With all this time away from school, I thought, "Hey, what if I made a mod!" I still had little coding experience but ambition overtook me and I tried anyway. My mod was titled The City; the premise being that after all the humans mysteriously disappeared, CRT monitors armed with AI took their place. You played as a human who was woken up to complete a task that the AI couldn't. I was writing as I went along so this task was never decided on.

The player would have climbed up out of this underground facility into the robot-run city whilst being guided to the job site, which would have begun at an office tower.

For whatever reason, the SDK wouldn't load speech event files so I couldn't get anyone to talk. This was when I had settled on CRT monitor robots, and development went alright for a week or two. However, I lost interest shortly after that and decided to archive the project, throwing it onto my SD card for safe keeping since I had run out of space. That SD card ended up corrupting the data and all my work was lost.

Moral of the story: don't chuck valuable data onto a Walmart SD card and have that as your sole backup. Great going, me.


Months after, school started in August. One of my electives was a game design class, except lockdown was still in effect so we had to distance learn. Not everyone had a PC, and because of that, we weren't working in Unity like previous years. The teacher had us go through an easy online JavaScript course, and instead of learning game design, we learned "game design" which was just basic programming. I already knew this from messing around with GMod's Lua implementation.

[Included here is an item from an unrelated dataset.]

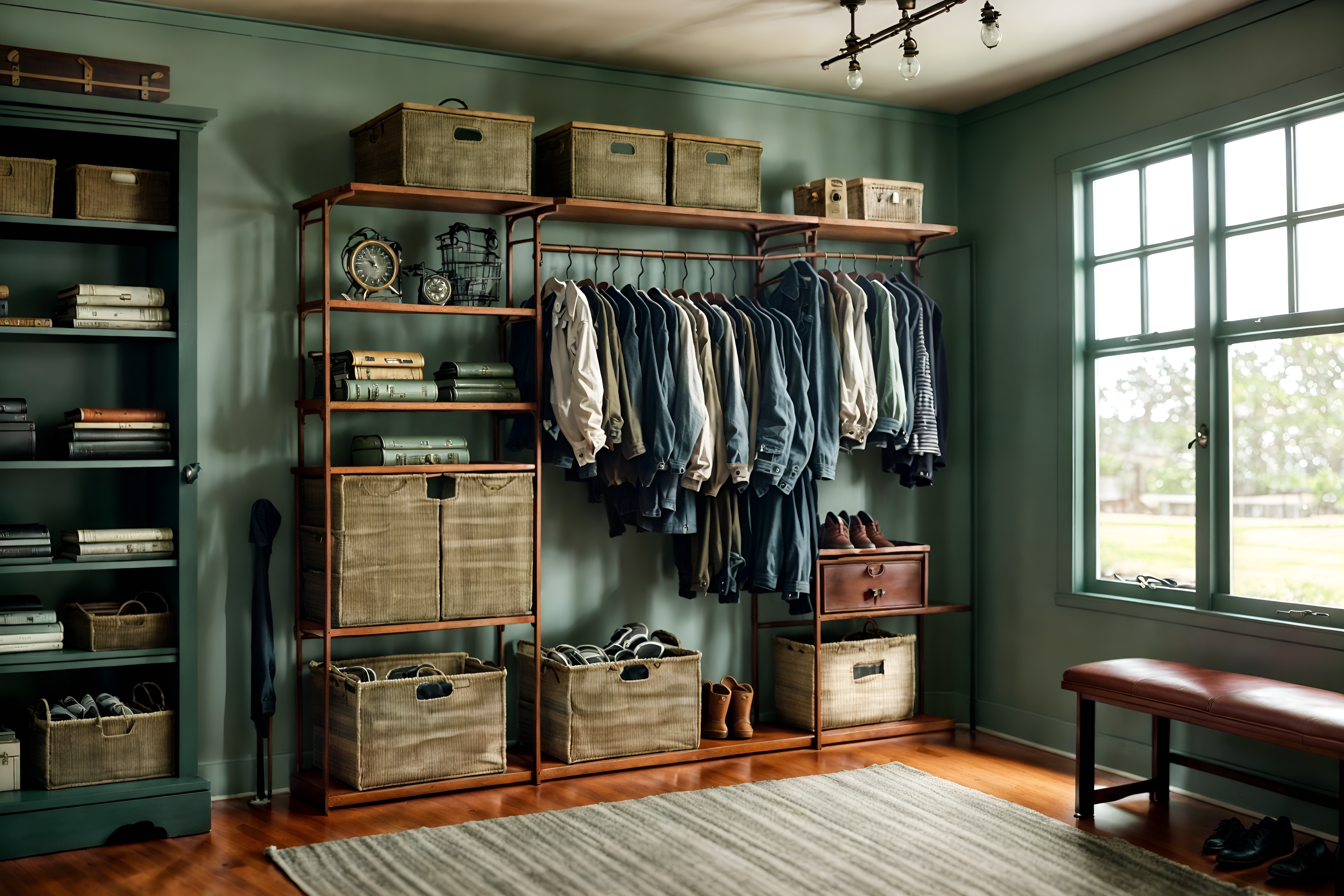 photo from pinterest of vintage-style interior designed (drop zone interior) with shelves for shoes and storage drawers and high up storage and storage baskets and a bench and cubbies and cabinets and wall hooks for coats. . with . . cinematic photo, highly detailed, cinematic lighting, ultra-detailed, ultrarealistic, photorealism, 8k. trending on pinterest. vintage interior design style. masterpiece, cinematic light, ultrarealistic+, photorealistic+, 8k, raw photo, realistic, sharp focus on eyes, (symmetrical eyes), (intact eyes), hyperrealistic, highest quality, best quality, , highly detailed, masterpiece, best quality, extremely detailed 8k wallpaper, masterpiece, best quality, ultra-detailed, best shadow, detailed background, detailed face, detailed eyes, high contrast, best illumination, detailed face, dulux, caustic, dynamic angle, detailed glow. dramatic lighting. highly detailed, insanely detailed hair, symmetrical, intricate details, professionally retouched, 8k high definition. strong bokeh. award winning photo.

The class was easy enough to get out of the way while I started on another game. This was once again a top-down shooter, except that I knew what I was doing this time. Because I'm not an artist, I just used ascii and basic DOS-era RGB colors for the sprites, and since I'm not an animator, anything animated was actually physics-based. This game of mine didn't have a name (though I considered naming it DL9 just to continue the "series").

This was the most polished that I have gotten with a game so far. By January, it felt good to play that I had even gone out of the way to make it sound good as well. Sounds slowed and shifted whenever the player's reflex regulator kicked in, as well as cutting off entirely when the hull of the ship was breached. The AI was inspired by Hotline Miami's and the only real problem being that I couldn't get enemies to avoid pathing through each other.

My plan for this game was to fly around space, scavenging derelict vessels and raiding people's ships to add to your own. The UI was styled after 80s-90s DOS TUI systems and the planned in-universe ship systems were supposed to be as well. In this universe, technology froze in 80s-90s aesthetics as if it were a Sci-Fi movie from that era.

Development came to a halt when I couldn't figure out how to select and render the UI letter by letter. I was tired, my motivation was lost, and ultimately never got around to adding anything except for basic ship modules, enemy AI, slow motion, and two weapons. All the systems needed to be rewritten and I wasn't (and still am not) in the headspace to do that. Maybe someday I'll try again on this thing, maybe I'll take another crack at it and find the motivation to keep going. I'm hoping that I will.

You can try two builds on my downloads page; the zip file contains a build from one month into development as well as the last build from May.


So far I haven't had the energy to start on anything ever since then; I need to get my mind sorted out first before I dive into another project.